Salah satu nama yang cukup kuat terlibat di dalam sengkarut RS adalah Hanum Rais. Di dalam kisah pewayangan, ada salah satu kejadian yang mirip, bagaimana Aswatama mati, yang membuat Durna putus asa dan akhirnya bisa terbunuh. Aswatama mati adalah hoax yang dipakai Pandawa karena nama gajah, hestitama yang mati.
Yudhistira menjadi sosok penting karena tidak pernah berbohong, sehingga Durna bisa terkelabuhi dan percaya sepenuhnya. Kata kunci penting adalah Yudistira didengar karena ia tidak pernah berdusta. Ketika ia berbicara sekelas Durna pun percaya dan terpedaya. Konteks di sini adalah siapa pelaku atau agen yang menyuarakan itu penting.
Dalam buku-buku inspirasi, sering ada salah satu kisah dengan berbagai varian, ketika sebuah desa ada ancaman dengan adanya perampok yang biasa datang. Salah satu pemuda ditugaskan untuk mengintai, dan ketika semua penduduk tegang ia berteriak ada perampok datang. Penduduk panik dan ia tertawa terbahak-bahak. Begitu terulang terus, dan ketika ia berteriak perampok datang orang tidak lagi menghiraukannya. Kampung habis dibakar.

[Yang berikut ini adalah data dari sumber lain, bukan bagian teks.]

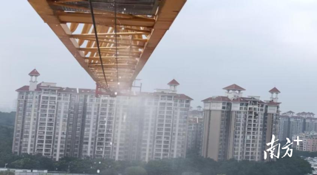 在車流量較大的機場高速與均禾大道、加石路交會處高速橋底,創新性安裝固定噴淋系統,設定每半小時噴淋一次、每次持續半小時的作業模式,對該區域道路揚塵起到顯著降塵效果,有效遏制“流動污染源”擴散。
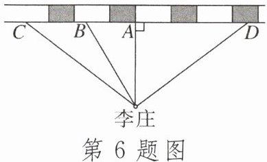 6. 如图,在铁路旁有一李庄,现要建一火车站,为了使李庄人乘车最方便,请你在铁路线上选一点来建火车站,应建在____.

Daesh atau ISIS menggunakan pola ini untuk mempersiapkan orang yang mau dieksekusi. Setiap hari dengan dalih latihan eksekusi, para korban tidak lagi ketakutan dan tegang, pas waktu eksekusi, wajah para korban sangat biasa, karena persepsi mereka adalah toh hanya latihan, dan ketika kepala mengelundung pun sangat biasa. Adanya pembiasaan.
Kisah ilustrasi tersebut, ketika dipakai dalam politik praktis, dapat dilihat sebagai berikut:
Tokoh atau agen yang dipakai menyebarkan berita, isu, atau wacana itu seharusnya telah teruji bahwa bisa dipercaya. Jadi orang tidak curiga dulu, bahwa ia dibohongi. Dalam kasus RS ini, maaf seribu maaf, yang berbicara, yang mengadakan konferensi pers, dan berteriak-teriak, memiliki kecenderungan lebih banyak nyinyir dan waton sulaya semata terhadap pemerintah.
Mirip dengan orang yang emnjaga kampung dan berteriak rampok-rampok dan malah tidak ada yang mendengar karena terlalu sering bohong. Pihak warga pun sudah waleh, bosan dengan isi yang itu-itu saja. Kedua belah pihak sama-sama sudah saling tahu. Artinya penggunaan kebohongan dan hoax, sudah basi, tidak lagi mempan.
Penggunaan hoax, isu yang tidak berdasar, separo fakta itu hanya sekali. Ingat kisah Aswatama itu hanya sekali, setelah itu tidak bisa diulang, karena Yudistira sudah tercemar, tidak lagi bisa dipercaya karena sama saja pernah atau bisa berbohong. Apalagi yang setiap ada isu, ada kejadian muaranya satu saja, pemerintah. Orang jadi paham dan hapal, halah paling-paling juga bohong lagi.
Pengulangan hoax memperlihatkan minimnya ide, kreatifitas, dan program kerja yang diusung. Ingat kisah hoax Aswatama ini berkaitan dengan sikap frustasi karena Durna menghabiskan banyak prajurit dan tokoh dari kubu Pandawa. Posisi terdesak, bukan posisi normal.
Mengapa Hanum?
Cukup menarik, pemakaian figuran yang bernama Hanum ini. Nama yang masih cukup baru untuk menjadi salah satu agen di dalam menyebarkan kisah RS. Susah menilik ini lepas dari adanya rekayasa, dengan banyaknya orang dalam waktu yang relatif sama dengan isi yang identik, dan ujung atau muara, pemerintah. Nada yang seolah harmonis, susah kalau tidak ada dirijen yang mengatur itu semua.